## HOW TO COMPLETE THIS TASK
Look below for the line that contains "全校児童21名、高校生(航空" and the line that contains "美国10年期国债收益率周一下", then restate both of them and every line in between, exactly. No picture goes in the copy.

## ENTRIES SHOWN
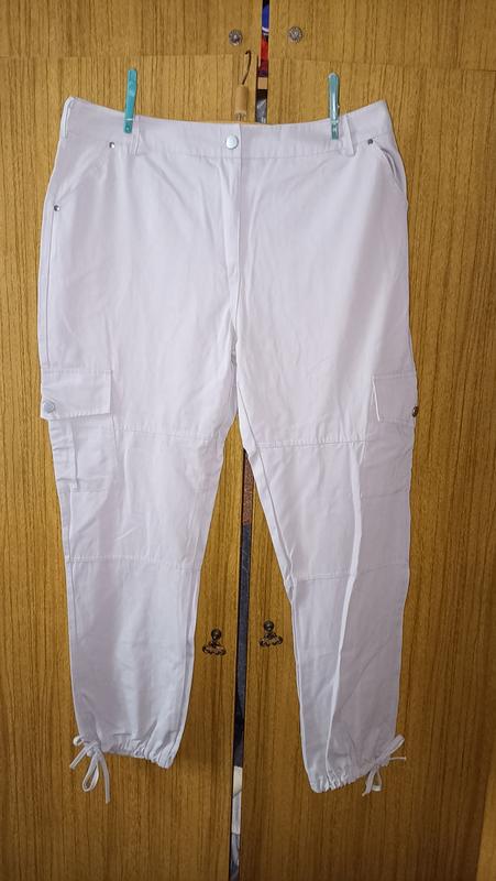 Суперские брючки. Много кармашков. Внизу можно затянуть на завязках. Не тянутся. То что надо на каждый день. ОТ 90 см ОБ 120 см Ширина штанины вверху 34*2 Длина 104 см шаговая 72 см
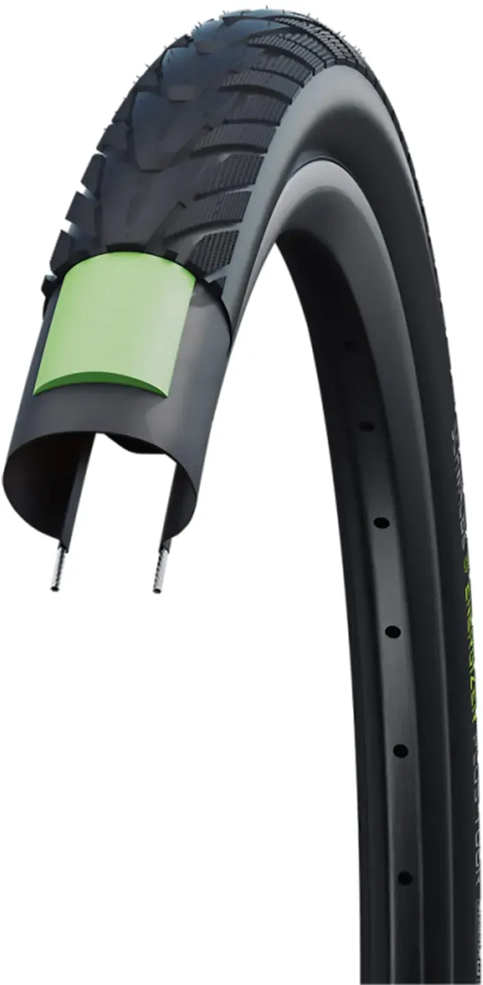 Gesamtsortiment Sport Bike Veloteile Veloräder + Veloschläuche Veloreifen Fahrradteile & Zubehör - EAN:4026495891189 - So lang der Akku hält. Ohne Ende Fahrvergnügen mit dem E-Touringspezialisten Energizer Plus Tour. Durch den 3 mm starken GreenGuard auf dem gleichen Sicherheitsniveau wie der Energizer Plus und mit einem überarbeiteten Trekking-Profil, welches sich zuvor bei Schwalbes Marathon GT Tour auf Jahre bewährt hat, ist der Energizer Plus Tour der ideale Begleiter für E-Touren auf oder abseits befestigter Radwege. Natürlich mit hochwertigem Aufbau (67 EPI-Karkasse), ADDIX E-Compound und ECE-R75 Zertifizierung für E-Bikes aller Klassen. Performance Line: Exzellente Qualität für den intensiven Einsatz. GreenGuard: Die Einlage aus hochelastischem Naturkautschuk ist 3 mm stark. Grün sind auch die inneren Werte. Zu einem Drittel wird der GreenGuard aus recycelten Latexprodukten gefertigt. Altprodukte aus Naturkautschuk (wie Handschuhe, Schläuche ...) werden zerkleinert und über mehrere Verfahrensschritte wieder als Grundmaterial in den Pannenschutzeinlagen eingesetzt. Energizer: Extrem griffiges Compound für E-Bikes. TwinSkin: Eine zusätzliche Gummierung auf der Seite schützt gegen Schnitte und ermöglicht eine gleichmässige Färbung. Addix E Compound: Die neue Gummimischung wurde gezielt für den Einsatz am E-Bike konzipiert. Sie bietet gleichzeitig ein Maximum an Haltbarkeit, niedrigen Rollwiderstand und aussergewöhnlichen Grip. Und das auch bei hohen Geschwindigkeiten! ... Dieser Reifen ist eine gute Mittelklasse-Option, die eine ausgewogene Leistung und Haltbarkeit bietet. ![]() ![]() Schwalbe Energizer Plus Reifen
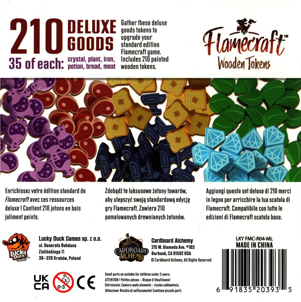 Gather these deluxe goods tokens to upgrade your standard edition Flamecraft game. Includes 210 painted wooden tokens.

...

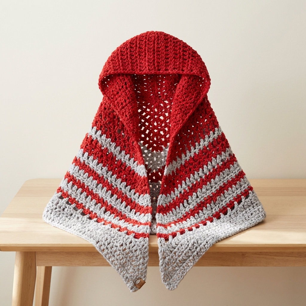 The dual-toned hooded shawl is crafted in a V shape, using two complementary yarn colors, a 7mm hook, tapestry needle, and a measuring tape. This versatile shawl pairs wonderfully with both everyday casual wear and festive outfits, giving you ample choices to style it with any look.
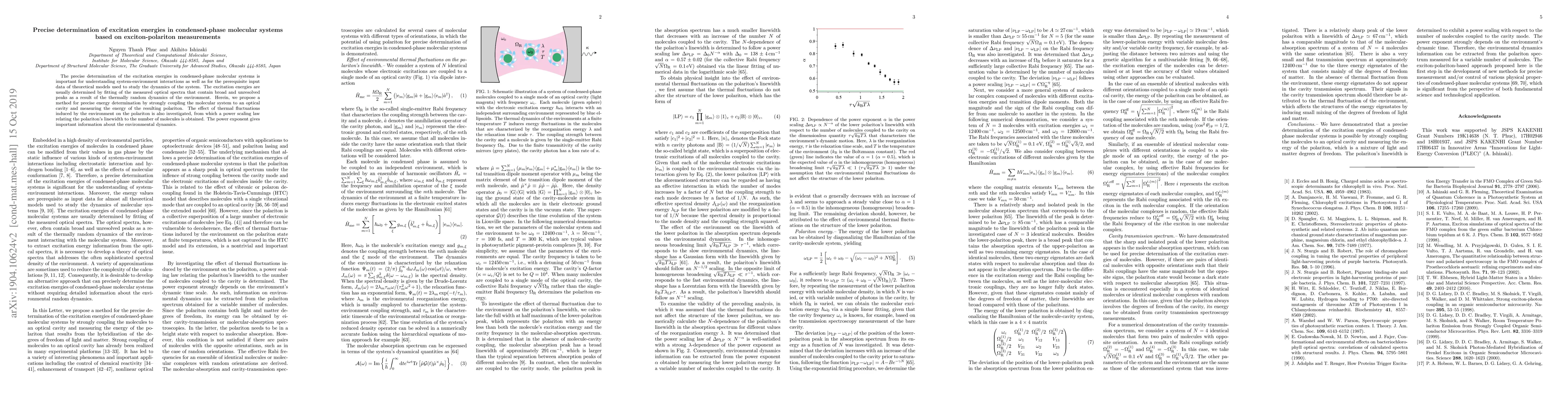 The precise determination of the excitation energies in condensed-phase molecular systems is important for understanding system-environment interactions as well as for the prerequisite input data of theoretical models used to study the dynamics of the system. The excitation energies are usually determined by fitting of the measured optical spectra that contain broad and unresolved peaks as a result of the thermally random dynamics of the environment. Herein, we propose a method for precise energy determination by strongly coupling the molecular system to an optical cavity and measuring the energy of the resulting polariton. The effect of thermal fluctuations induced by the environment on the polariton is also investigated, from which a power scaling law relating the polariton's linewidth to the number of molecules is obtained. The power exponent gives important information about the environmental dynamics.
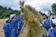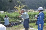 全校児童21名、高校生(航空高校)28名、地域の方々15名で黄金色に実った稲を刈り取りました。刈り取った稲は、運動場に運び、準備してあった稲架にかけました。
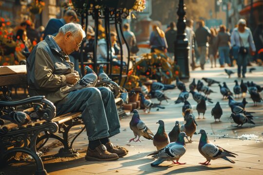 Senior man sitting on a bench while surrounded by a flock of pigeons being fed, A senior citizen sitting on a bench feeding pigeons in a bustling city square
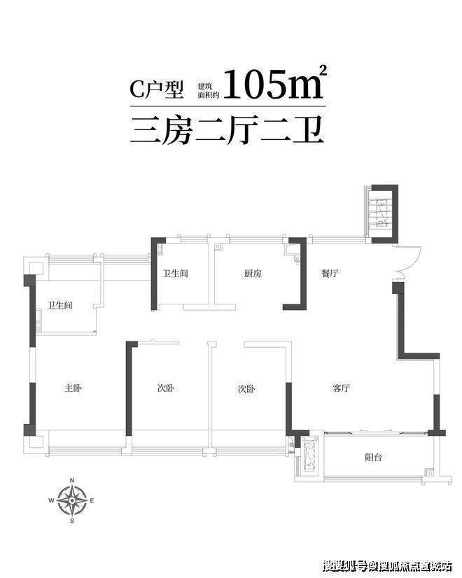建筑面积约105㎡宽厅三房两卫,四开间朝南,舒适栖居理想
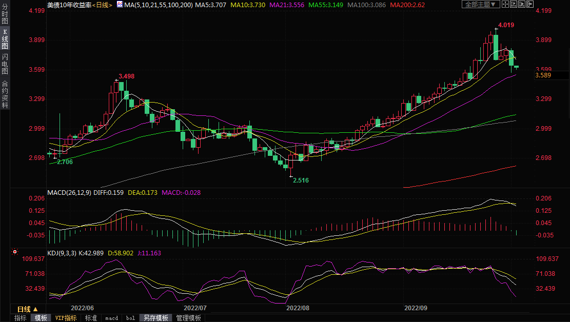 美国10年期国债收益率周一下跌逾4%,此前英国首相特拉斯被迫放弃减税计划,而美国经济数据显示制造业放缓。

## ANSWER TO THIS TASK
 全校児童21名、高校生(航空高校)28名、地域の方々15名で黄金色に実った稲を刈り取りました。刈り取った稲は、運動場に運び、準備してあった稲架にかけました。
 Senior man sitting on a bench while surrounded by a flock of pigeons being fed, A senior citizen sitting on a bench feeding pigeons in a bustling city square
建筑面积约105㎡宽厅三房两卫,四开间朝南,舒适栖居理想
 美国10年期国债收益率周一下跌逾4%,此前英国首相特拉斯被迫放弃减税计划,而美国经济数据显示制造业放缓。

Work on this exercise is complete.